_Source records_
┌──
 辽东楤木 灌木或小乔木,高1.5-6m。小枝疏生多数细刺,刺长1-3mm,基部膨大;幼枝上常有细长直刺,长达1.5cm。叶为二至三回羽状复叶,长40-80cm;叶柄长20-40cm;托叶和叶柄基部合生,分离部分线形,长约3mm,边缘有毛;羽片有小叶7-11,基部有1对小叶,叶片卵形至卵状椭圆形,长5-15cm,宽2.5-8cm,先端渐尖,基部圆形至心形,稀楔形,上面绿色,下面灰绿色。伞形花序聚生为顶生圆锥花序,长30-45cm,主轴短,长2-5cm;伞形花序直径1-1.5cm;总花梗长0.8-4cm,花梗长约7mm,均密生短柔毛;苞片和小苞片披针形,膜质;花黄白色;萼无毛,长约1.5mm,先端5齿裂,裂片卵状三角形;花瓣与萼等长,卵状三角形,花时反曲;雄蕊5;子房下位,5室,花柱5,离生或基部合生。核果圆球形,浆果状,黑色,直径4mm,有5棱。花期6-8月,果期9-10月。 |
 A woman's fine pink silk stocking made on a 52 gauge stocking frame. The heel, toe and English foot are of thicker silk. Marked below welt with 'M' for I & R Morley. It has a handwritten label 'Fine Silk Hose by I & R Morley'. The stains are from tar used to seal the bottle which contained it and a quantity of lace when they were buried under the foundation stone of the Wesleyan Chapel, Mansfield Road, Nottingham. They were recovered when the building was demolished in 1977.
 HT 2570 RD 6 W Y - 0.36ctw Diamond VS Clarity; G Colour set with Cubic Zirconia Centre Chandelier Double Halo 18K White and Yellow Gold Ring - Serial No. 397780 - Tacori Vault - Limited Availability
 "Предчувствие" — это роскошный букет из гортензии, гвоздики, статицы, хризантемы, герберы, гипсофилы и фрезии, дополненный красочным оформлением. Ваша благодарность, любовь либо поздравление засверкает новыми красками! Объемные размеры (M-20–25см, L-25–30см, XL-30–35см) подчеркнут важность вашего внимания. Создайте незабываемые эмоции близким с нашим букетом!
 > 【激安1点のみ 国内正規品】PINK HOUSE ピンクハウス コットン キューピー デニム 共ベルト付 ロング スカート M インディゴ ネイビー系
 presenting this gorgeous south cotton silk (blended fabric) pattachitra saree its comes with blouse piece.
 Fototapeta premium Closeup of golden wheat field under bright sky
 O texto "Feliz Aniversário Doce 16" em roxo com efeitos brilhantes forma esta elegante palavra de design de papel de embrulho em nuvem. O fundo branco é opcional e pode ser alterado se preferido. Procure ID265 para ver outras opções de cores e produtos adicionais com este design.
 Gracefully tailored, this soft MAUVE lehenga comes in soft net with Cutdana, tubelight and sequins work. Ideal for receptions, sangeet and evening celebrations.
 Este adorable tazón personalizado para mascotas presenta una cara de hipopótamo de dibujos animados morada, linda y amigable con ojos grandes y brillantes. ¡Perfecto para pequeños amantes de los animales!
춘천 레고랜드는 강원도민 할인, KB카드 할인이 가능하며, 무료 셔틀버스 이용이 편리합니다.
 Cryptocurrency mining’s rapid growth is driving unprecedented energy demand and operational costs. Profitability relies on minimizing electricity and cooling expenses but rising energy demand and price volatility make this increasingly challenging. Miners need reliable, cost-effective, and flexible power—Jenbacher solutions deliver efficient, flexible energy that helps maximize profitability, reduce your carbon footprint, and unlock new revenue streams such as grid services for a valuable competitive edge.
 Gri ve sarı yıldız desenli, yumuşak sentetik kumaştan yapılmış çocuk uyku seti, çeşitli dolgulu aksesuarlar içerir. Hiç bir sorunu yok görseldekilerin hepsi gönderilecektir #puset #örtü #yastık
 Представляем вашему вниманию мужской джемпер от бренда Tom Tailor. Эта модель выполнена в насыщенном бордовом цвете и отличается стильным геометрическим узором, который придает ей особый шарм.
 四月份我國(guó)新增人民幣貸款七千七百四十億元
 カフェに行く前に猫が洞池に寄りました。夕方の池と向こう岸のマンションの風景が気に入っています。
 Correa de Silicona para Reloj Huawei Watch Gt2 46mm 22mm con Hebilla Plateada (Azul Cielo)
└──
_Try it_
Check each line of the records above for the string "this", and report every line that has it.

_Reply to the exercise_
 presenting this gorgeous south cotton silk (blended fabric) pattachitra saree its comes with blouse piece.
 Gracefully tailored, this soft MAUVE lehenga comes in soft net with Cutdana, tubelight and sequins work. Ideal for receptions, sangeet and evening celebrations.
 Cryptocurrency mining’s rapid growth is driving unprecedented energy demand and operational costs. Profitability relies on minimizing electricity and cooling expenses but rising energy demand and price volatility make this increasingly challenging. Miners need reliable, cost-effective, and flexible power—Jenbacher solutions deliver efficient, flexible energy that helps maximize profitability, reduce your carbon footprint, and unlock new revenue streams such as grid services for a valuable competitive edge.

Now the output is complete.